Het is zondagavond, en jij staat op het punt om mijn wereld op zijn kop te zetten. We zien elkaar voor het eerst in bijna een week, en ik weet dat er iets mis is. Je weigert me zelfs aan te kijken als ik kom opdagen. Over afgewezen voelen gesproken!
Mijn emoties wervelen rond en rond, waardoor ik niet zeker weet hoe ik me voel. Ik weet dat er iets heel erg mis is, maar ik kan niet beslissen wat ik voor je voel. Ik ben er vrij zeker van dat alles in duigen valt na drie maanden van de meest intense relatie die ik ooit heb gehad.
Je zei dat ik je moest ontmoeten, maar dit voelt niet goed. Je voelt niet veilig. Mijn hart slaat over als ik me voorbereid op iets ergs. Er gebeurt tenslotte altijd iets ergs.
Een week geleden zei je nog dat je loog toen je zei dat je van me hield.
Het was een dronken vergissing. Je meende het niet. Ik ben er nog steeds niet overheen, en nu gaat de andere schoen vallen. Ik wil mijn hart beschermen tegen wat je gaat zeggen, maar ik weet niet hoe.
Je was het hele weekend aan het kamperen met je vrienden, en ze vroegen allemaal waar ik was. Eerst was ik gevleid dat je vrienden merkten dat ik er niet was.
Maar toen kwam ik weer met beide benen op de grond te staan. Toen ze je vroegen waar ik was, besefte je dat je me niet miste. Je dacht niet eens aan me tot je vrienden je eraan herinnerden dat ik er niet was.
Mijn hoofd begint te tollen. Het verhaal wordt erger. Je houdt er niet mee op.

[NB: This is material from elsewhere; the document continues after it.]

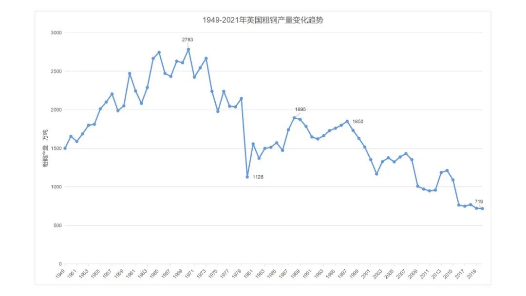 1970年英國粗鋼產(chǎn)量達(dá)到峰值2783萬噸。達(dá)峰后主要受原料供給影響,英國鋼鐵工業(yè)開始減量發(fā)展,到1979年粗鋼產(chǎn)量已減至2146萬噸;20世紀(jì)80年代,通過淘汰落后產(chǎn)能、提高產(chǎn)品附加值、促進(jìn)私有化,英國鋼鐵工業(yè)峰后復(fù)蘇;1989年至今,受國內(nèi)需求下降和全球化競(jìng)爭(zhēng)沖擊,英國鋼鐵工業(yè)持續(xù)減量。

Je vertelt me dat je wekenlang je gevoelens hebt geveinsd. Je hebt geprobeerd passie te voelen die er gewoon niet is. Je hebt jezelf gedwongen om te doen alsof, met de gedachte dat je uiteindelijk toch weer iets voor me zou voelen.
Ik verwijder me verder van je. Ik heb meer ruimte nodig, meer lucht. Dit kan niet waar zijn.

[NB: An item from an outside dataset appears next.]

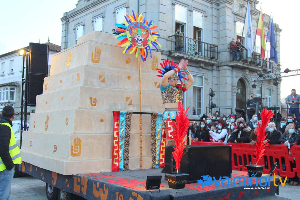 La agrupación “O Millor de Cada Casa” de Vincios presentó la temática de “Queimando Roda”, una fantasía inspirada en las carreras de coches de fórmula uno con el que hacen referencia “a las ganas de salir del garaje tras dos años encerrados en él con las piezas renovadas y ganas de pasarlo bien”. “Valla-Gym” fue el tema elegido por la comparsa del Centro Vecinal y Cultural de Valadares, tirando de la ironía para representar escenas que uno se puede encontrar diariamente en un gimnasio y al mismo tiempo “bajar unos kilos de la amargura cotidiana”.

Wekenlang heb je gedaan alsof je om me gaf? Je hebt tegen me gelogen over je gevoelens. Maar wat je hebt gedaan, is erger dan dat. Je loog niet alleen, maar je dacht ook dat als ik me voor je openstelde, de gevoelens terug zouden komen. Ik heb mijn comfortzone ver overschreden om al mijn diepe, donkere geheimen met je te delen. Ik was kwetsbaarder tegenover jou dan ik ooit ben geweest. Toch betekende het uiteindelijk niets. Ik stelde me open voor je, maar mijn kwetsbaarheid duwde je alleen maar weg.
“Ik kan gewoon niet bij iemand zijn over wie ik me altijd zorgen zal maken.”

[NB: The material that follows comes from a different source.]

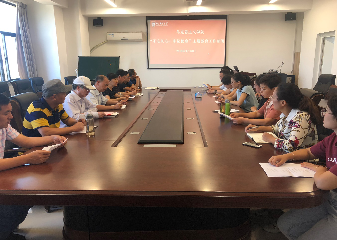 会议要求,全院上下要围绕扎实开展好“不忘初心、牢记使命”主题教育,切实提高政治站位,深刻认识开展主题教育的重大意义;准确把握目标任务,确保我院主题教育取得实实在在的成效;着力加强组织领导,推进我院主题教育扎实有序开展。会议强调,一分部署、九分落实,要认真贯彻党中央决策部署和学校党委要求,努力实现“理论学习有收获、思想政治受洗礼、干事创业敢担当、为民服务解难题、清正廉洁作表率”的目标,以实际成效推动马院实现高质量发展,以优异成绩迎接中华人民共和国成立70周年!

Die woorden sloegen in. Je sloeg de wind uit mijn zeilen. Maar je bleef doorgaan. Je was bang dat ik zou terugvallen, dat je voor me zou moeten zorgen. Je vreesde dat je je familie nooit de eerlijke waarheid over mij zou kunnen vertellen. Ik verdien beter dan jij.
Jij gooide al het vertrouwen dat ik in je had, terug in mijn gezicht. Ik dacht dat ik je kon vertrouwen, maar je loog tegen me toen het er het meest toe deed. Je zag me als zwak, als iemand die zou instorten zodra het moeilijk werd. Oh, wat had je het mis. Ik ben een vechter, en jij zult niet degene zijn die me zal breken.
Die zondagavond herinnerde je me eraan dat ik beter verdien. Ik heb me dus omgedraaid en nooit meer omgekeken.
Ik ben zonder enige spijt bij je weggelopen, omdat ik wist dat ik op een dag iemand zou vinden die beter was dan jij. En zelfs toen wist ik zeker dat ik iemand zou ontmoeten die de kracht in mij zou zien en niet de zwakte. Voor de eerste keer in maanden kon ik zien dat ik zonder twijfel beter af was zonder jou.